All that belongs in the answer is the lines from the one containing "Проходя через призму, луч" to the end of the listing below, copied exactly, pictures excluded.

- [RECORDS SUPPLIED]
§ §

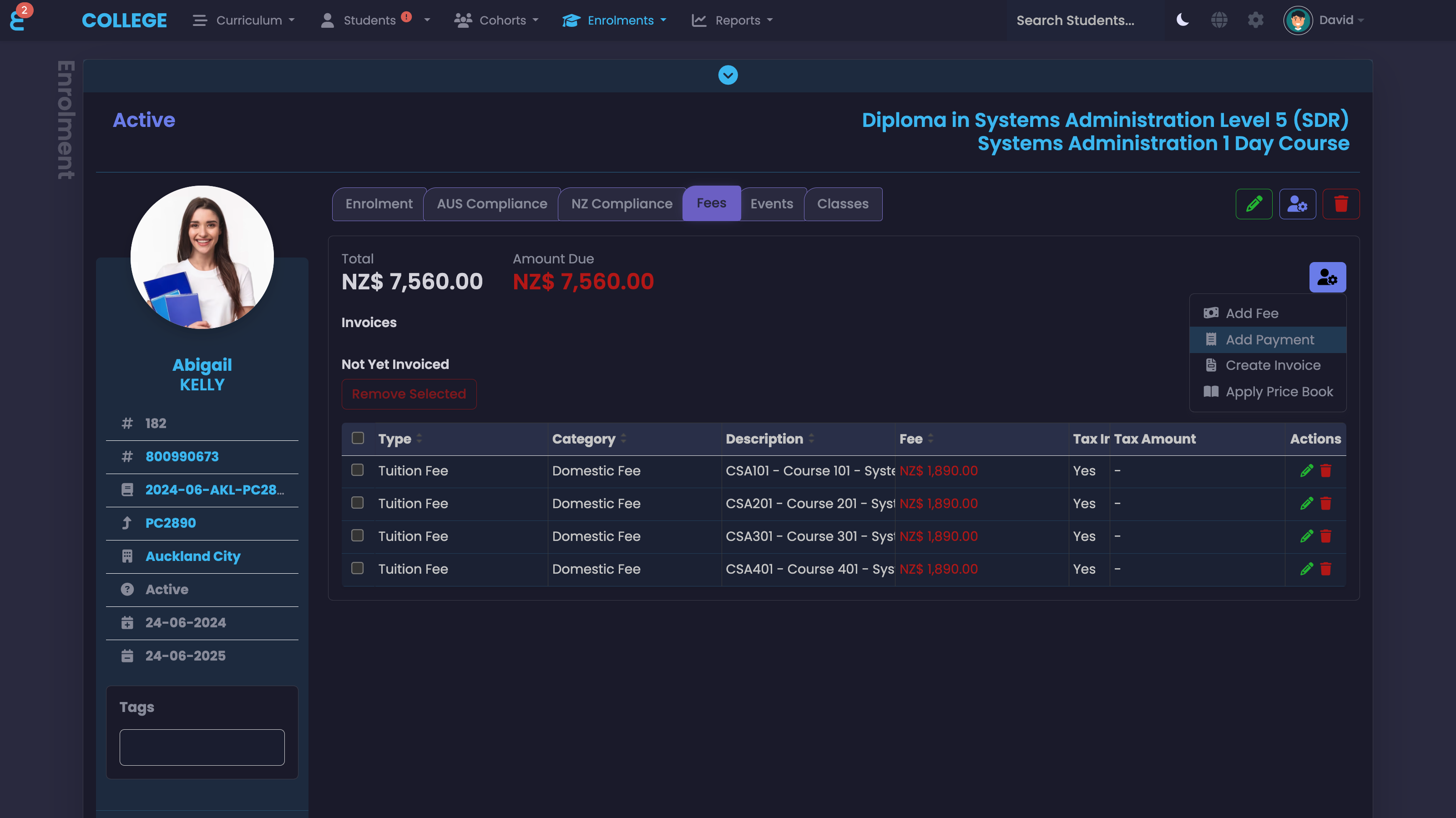 SELMA SIS integrates financial functions such as invoicing, fee payments, financial aid, and scholarships. Students can view their financial obligations and make payments online, while administrators can monitor payments and outstanding balances. Using the payment gateway, students can make progress payments and/or pay online by credit card. Unlimited price books can be created to template different pricing models for different study pathways or students.
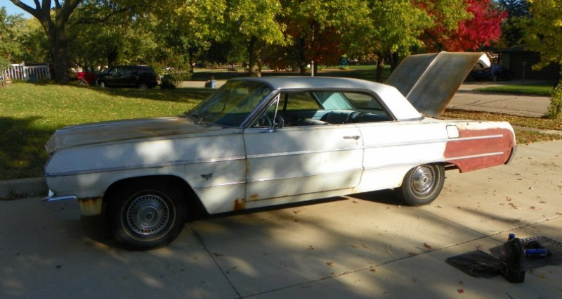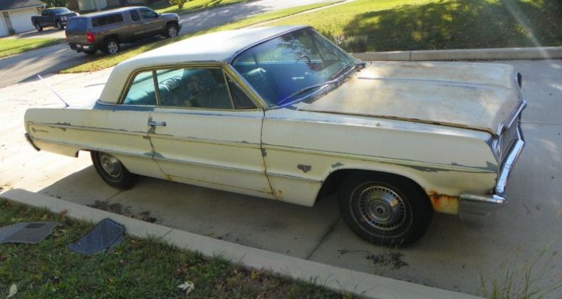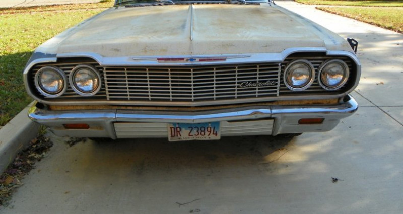 Ce véhicule est un modèle complet de 1964 Impala équipé de son moteur V8 original de 327 cubic inch et de sa transmission automatique originale. Le moteur à quatre carburateurs dispose de système de freinage et de direction motorisée. Le véhicule est à l'allumage et peut être conduit, mais il est préférable de ne pas dépasser les 30 ou 40 miles en raison de la nécessité de travaux sur la partie avant. Durant les deux dernières années, le véhicule a parcouru environ 6 000 miles à des vitesses de circulation ne dépassant pas les 55 miles à l'heure. C'était une voiture californienne initialement de couleur Bleu argent, et elle a reçu une peinture blanche rapidement il y a plusieurs années. Le moteur nécessite des réparations, il utilise de l'huile. Les sols et les braces de sol restent solides, il n'y a pas besoin de les remplacer. Le coffre est très solide, sauf pour trois petites trous de bouton. La voiture a été accidentée sur le côté passager, et des travaux supplémentaires sont encore nécessaires. Il n'y a pas de réparations de rouille sur aucune partie du véhicule. Il s'agit d'une voiture équipée de climatisation fabriquée en usine. Les pièces sont pas montées sur le véhicule, mais elles sont fournies avec lui. Si vous avez des questions, appelez le 630-559-5139.. Ce descriptif est basé sur les éléments communiqués par le propriétaire avec un traitement assisté. Merci pour votre indulgence en cas de formulation perfectible. Provenance : Illinois. Disponibilité : 7 semaines, clés en main. 22 500 € tout compris (importation, taxes, procédure d'immatriculation). Annonce publiée le 05/11/2025
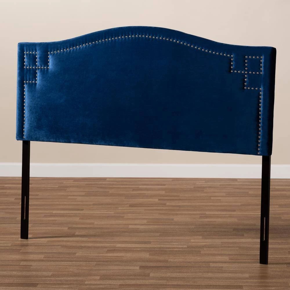 Fit for a villa in the Hollywood Hills or a lavish loft in New York, the Aubrey headboard will transform your space into a luxurious hideaway. Constructed from solid rubberwood and plywood, the Aubrey is upholstered in a soft, foam filled velvet polyester fabric that provides ample comfort for you to lean against. The edges of the headboard are embellished with a striking pattern of silver nailheads that add just the right touch of glamour. Leg supports are invisible once set up and can be adjusted to suit the height of your ensemble, for convenience. The headboard sits between the wall and the ensemble frame, attaching not to the bed base but to the legs, for stability. The Aubrey headboard is made in Malaysia and requires assembly.
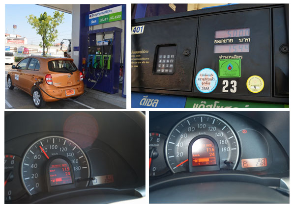 ก่อนเติมน้ำมันE20 หลังเติม 500 บาท/15.44 ลิตร หลังทดสอบเสร็จ นิสสัน มาร์ช มีอัตราสิ้นเปลื่องน้ำมันตามที่โฆษณาไว้คือ 20 กม./ชม. ซึ่งในความเป็นจริงใช้งานในเมืองเป็นหลัก หรือนอกเมืองที่วิ่งระยะสั้นๆ นั้น คงเป็นไปได้ยาก ประกอบกับรถที่ติดตามแยกต่างๆ ดังนั้นการทดสอบครั้งเป็นการขับผ่านเส้นทางทั้งรถเยอะ รถน้อย ติดน้อย ติดนาน ในและนอกเมือง ทำให้ได้อัตราการสิ้นเปลืองใกล้เคียงใช้งานแบบไลฟ์สไตล์จริงๆ และผู้ขับทดสอบใจยังวัยรุ่น เท้าหนักบ้างถ้าโอกาสเหมาะ ทำให้ตัวเลขใช้งานจริงบนหน้าปัดวัดได้ 11.5-11.7 กม./ลิตร แต่ว่าเมื่อรวมระยะทางทดสอบพร้อมกับการจราจรคับคั่งตลอดเส้นทางนั้น ระดับน้ำมันบนหน้าปัดแทบไม่ลดระดับลงเลย เกือบเท่าตอนที่เติมใหม่ๆ จากการทดสอบในครั้งนี้อาจไม่มีตัวเลขมายืนยันอัตราสิ้นเปลืองได้ แต่ก็พิสูจน์จากใช้งานจริงในเมืองและชานเมืองประหยัดเห็นๆ หรือดูระดับน้ำมันว่าลดไปเท่าไร
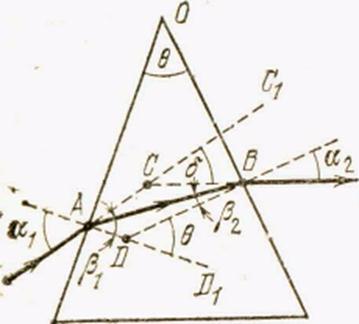 Проходя через призму, луч солнечного света не только преломляется, но и разлагается на различные цвета. Рассмотрим преломление луча в призме. Строго говоря, это означает, что световой луч предполагается здесь одноцветным, или, как принято называть в физике, монохроматическим
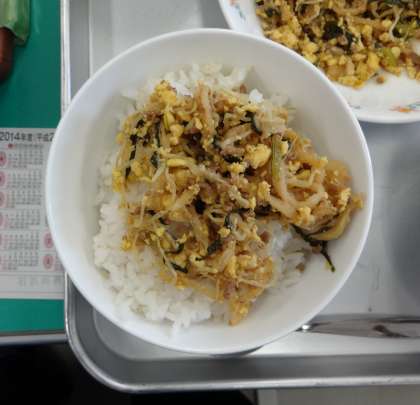 今日の給食は韓国風です!〈6月7日(金曜)〉 公開日 2013/06/07 更新日 2013/06/07 学校だより 今日のメニューです。 ・麦ごはん ・牛乳 ・ピリ辛スープ ・ビビンバ ・型抜きチーズ
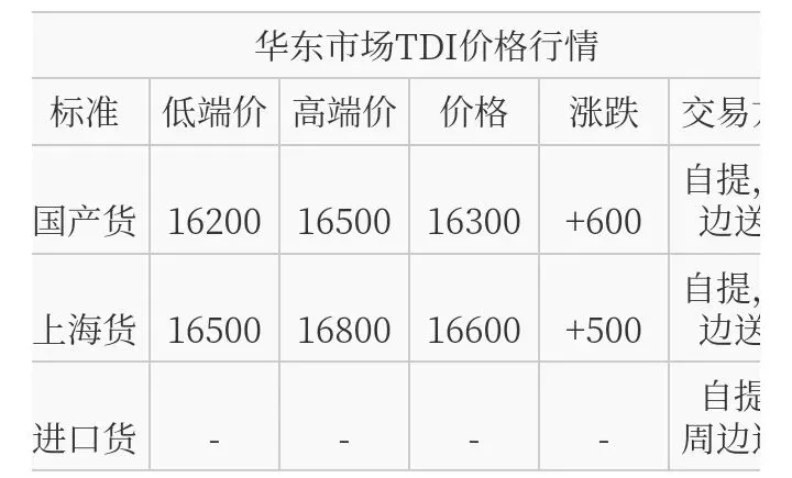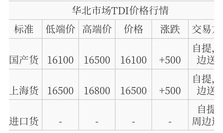 华北TDI国产货报盘价格在16100-16500元/吨,上海货报盘价格在16500-16800元/吨。
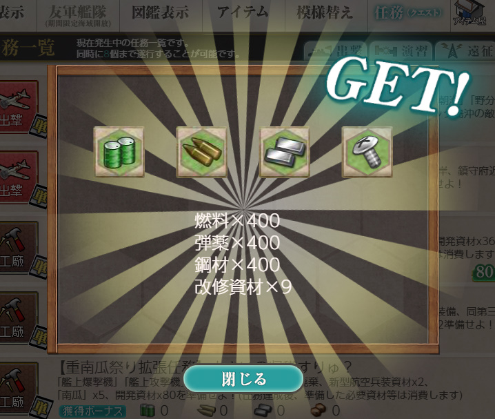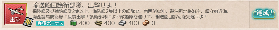 - 燃料×400、弾薬×400、鋼材×400、ボーキサイト×0
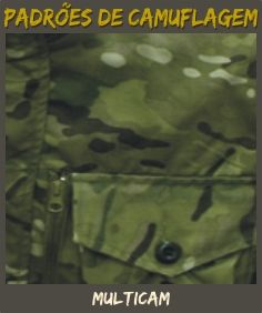 MULTICAM: Padrão de camuflagem moderno multi-ambientes, desenvolvido por uma industria civil (Crye Precision) em conjunção com o Exército N.Americano. à princípio presta-se para o uso militar do projeto Future Force Warrior, mas é também vendido à civis. Seu padrão é um dos mais eficientes em variados tipos de terreno.
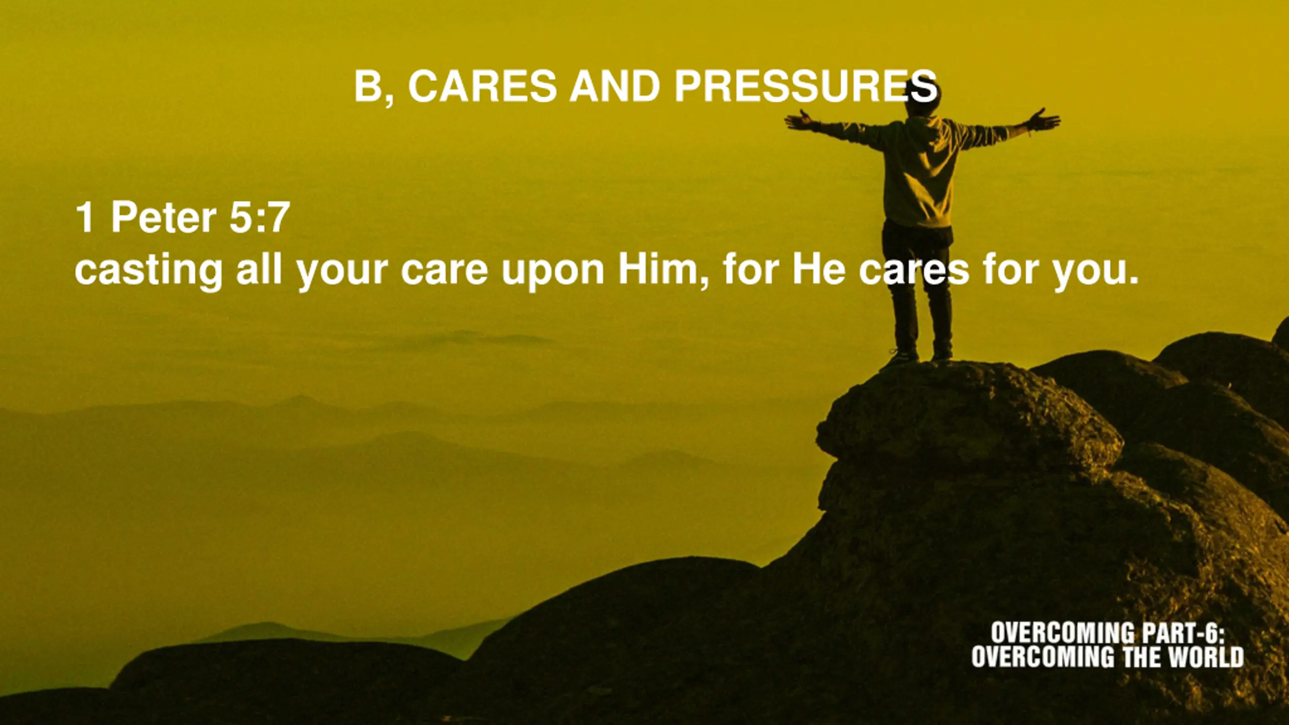 B, CARES AND PRESSURES 1 Peter 5:7 casting all your care upon Him, for He cares for you.
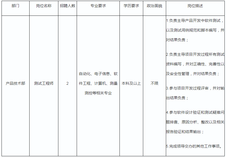 5.工作經(jīng)歷:具有測(cè)試相關(guān)工作3年及以上經(jīng)歷。
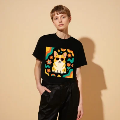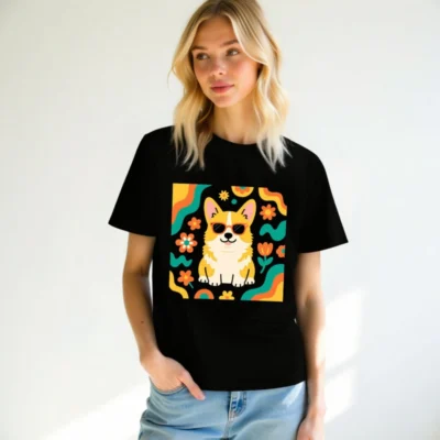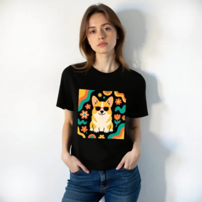 Unisex Organic Cotton T-Shirt with Corgi & Floral Design – Eco-Friendly, Comfortable

§ §

- [ANSWER SPACE]
 Проходя через призму, луч солнечного света не только преломляется, но и разлагается на различные цвета. Рассмотрим преломление луча в призме. Строго говоря, это означает, что световой луч предполагается здесь одноцветным, или, как принято называть в физике, монохроматическим
 今日の給食は韓国風です!〈6月7日(金曜)〉 公開日 2013/06/07 更新日 2013/06/07 学校だより 今日のメニューです。 ・麦ごはん ・牛乳 ・ピリ辛スープ ・ビビンバ ・型抜きチーズ
 华北TDI国产货报盘价格在16100-16500元/吨,上海货报盘价格在16500-16800元/吨。
 - 燃料×400、弾薬×400、鋼材×400、ボーキサイト×0
 MULTICAM: Padrão de camuflagem moderno multi-ambientes, desenvolvido por uma industria civil (Crye Precision) em conjunção com o Exército N.Americano. à princípio presta-se para o uso militar do projeto Future Force Warrior, mas é também vendido à civis. Seu padrão é um dos mais eficientes em variados tipos de terreno.
 B, CARES AND PRESSURES 1 Peter 5:7 casting all your care upon Him, for He cares for you.
 5.工作經(jīng)歷:具有測(cè)試相關(guān)工作3年及以上經(jīng)歷。
 Unisex Organic Cotton T-Shirt with Corgi & Floral Design – Eco-Friendly, Comfortable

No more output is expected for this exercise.